Final Exam, Case #3 Flashcards
What are the patient’s amplification options? What are the pros and cons of each options?
The results from today’s testing were reviewed with the patient. In regards as to how to treat his unilateral deafness, the patient was educated about the different, available treatment options. Both the CROS and bone implanted devices, such as the Baha and the Ponto were discussed. It was explained that both devices route all stimuli from the poor ear to the better ear, but achieve this through different principles. The CROS system is a non-surgical option that is able to overcome the head-shadow effect by placing a microphone on the poor ear and routing the signal wirelessly to a hearing aid on the good ear. The head shadow effect is the reduction in intensity (~7 dB) of stimuli traveling from one ear to the contralateral one as a result of sound transmission through and around the skull. By overcoming this effect, the CROS system is able to improve speech understanding, but not necessarily localization (Taylor and Mueller, 2017). The patient was informed the CROS system is not always covered by insurance, but it has a trial period that would enable him to return the devices in 30 days’ time.
A bone anchored device is a surgical option that is also able to overcome the head shadow effect, but by through bone conduction. Due to this process, the device is able to stimulate the good cochlea, bypassing the outer and middle ear systems entirely. They can also be comfortable to wear, and offer a natural sound quality without occluding the ear canal. While there are many benefits to the bone implanted devices, they require surgery and can be irreversible. They also cannot solve the lack of spatial awareness and poor localization abilities, that all patients with single-sided deafness experience (Kitterick, et al., 2016).

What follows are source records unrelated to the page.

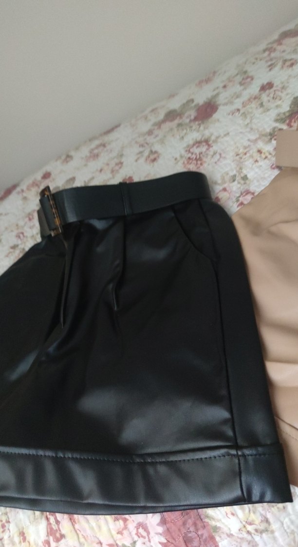 Bej renkte, kemerli ve bol kesim deri mini şort. Günlük kullanıma uygun, rahat sokak stili için ideal. ikisi bir arada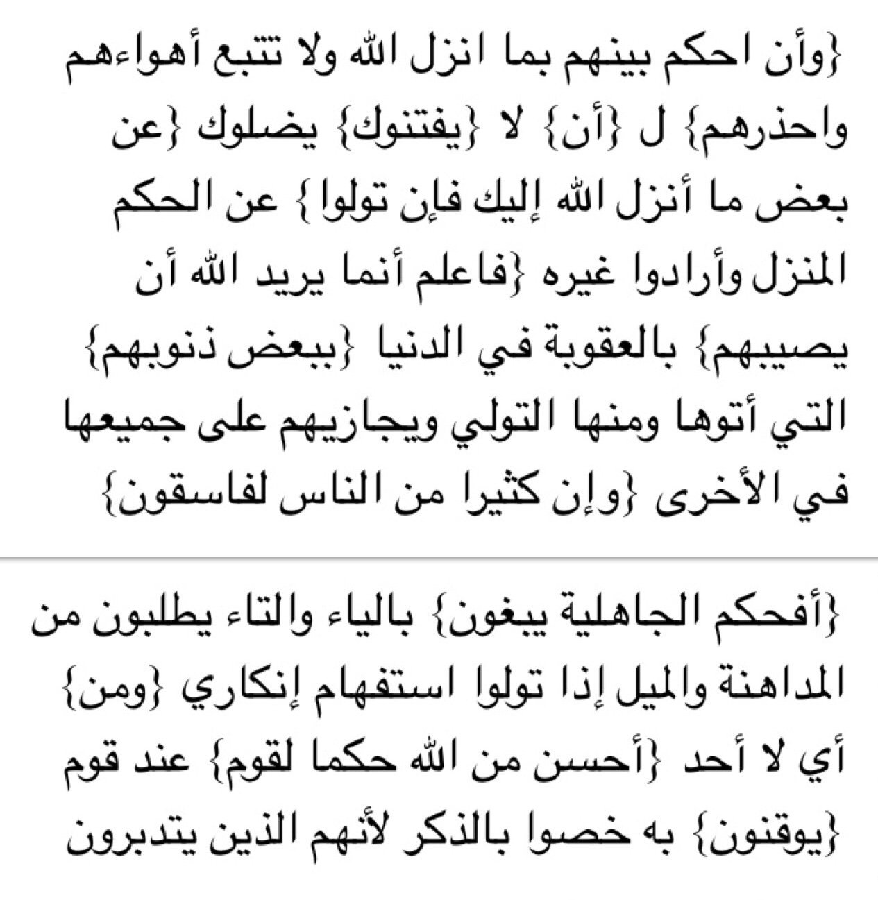فالح الشبلي Falih Alshibly On Twitter وأن احكم بينهم بما أنزل الله ولا تتبع أهواءهم واحذرهم أن يفتنوك عن بعض ما أنزل الله إليك فإن تولوا فاعلم أنما يريد الله أن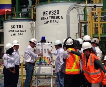 Presionando un botón, el vicepresidente de la República, Jorge Glas, dio inicio oficialmente a las operaciones de la Refinería de Esmeraldas tras 7 años de procesos de rehabilitación.

How should output be verified for each option?
Different methods will be utilized to verify the fitting, depending on the device that the patient decides to pursue. If he selects the CROS system, Real Ear Measurements (REM) can be used to verify appropriate prescriptive targets. This verification strategy is key to ensuring that the devices are matching prescriptive targets while the patient is wearing them. These measurements are conducted with a probe microphone inserted into the patient’s ear canal and then the hearing instruments placed over the probe. For the purpose of verifying the CROS system, the probe would be inserted into the ear canal of the good ear, where the sound is being transmitted to, and the speaker would face the patient directly. This arrangement will allow the probe microphone to measure the output of the hearing aids that are picking up the stimuli from the bad ear. If the patient selects a bone implanted device, REM cannot be used as a verification measure. Rather, functional gain measures will be utilized. Functional gain is the comparison between the patient’s unaided and aided thresholds in the sound field.
How should the fitting for each option be validated?
Lastly, if the patient decides to pursue either the CROS or a bone-anchored device, the fitting will be validated through subjective outcome measures and speech in-noise testing. Subjective questionnaires, such as the Abbreviated Profile of Hearing Aid Benefit (APHAB) and the Client Oriented Scale of Improvement (COSI), can provide insight into the patient’s self-perceived disability. Both questionnaires can be administered before the fitting and then one month after the fitting. Additionally, speech-in-noise testing, with the Quick-SIN, can evaluate how the patient can understand speech in the presence of background noise (Taylor and Mueller, 2017). Results obtained in the aided condition can be compared with unaided results to objectively measure aided benefit. In regards to the bone implanted option, speech-in-noise testing can be used to predict outcomes. Research has demonstrated that the Quick-SIN can be used as a predictor as to how patients will perform with the implant. This can be done by placing the implant on a soft-band, and placing the headband on the mastoid of the deaf ear (Snapp, et al., 2010).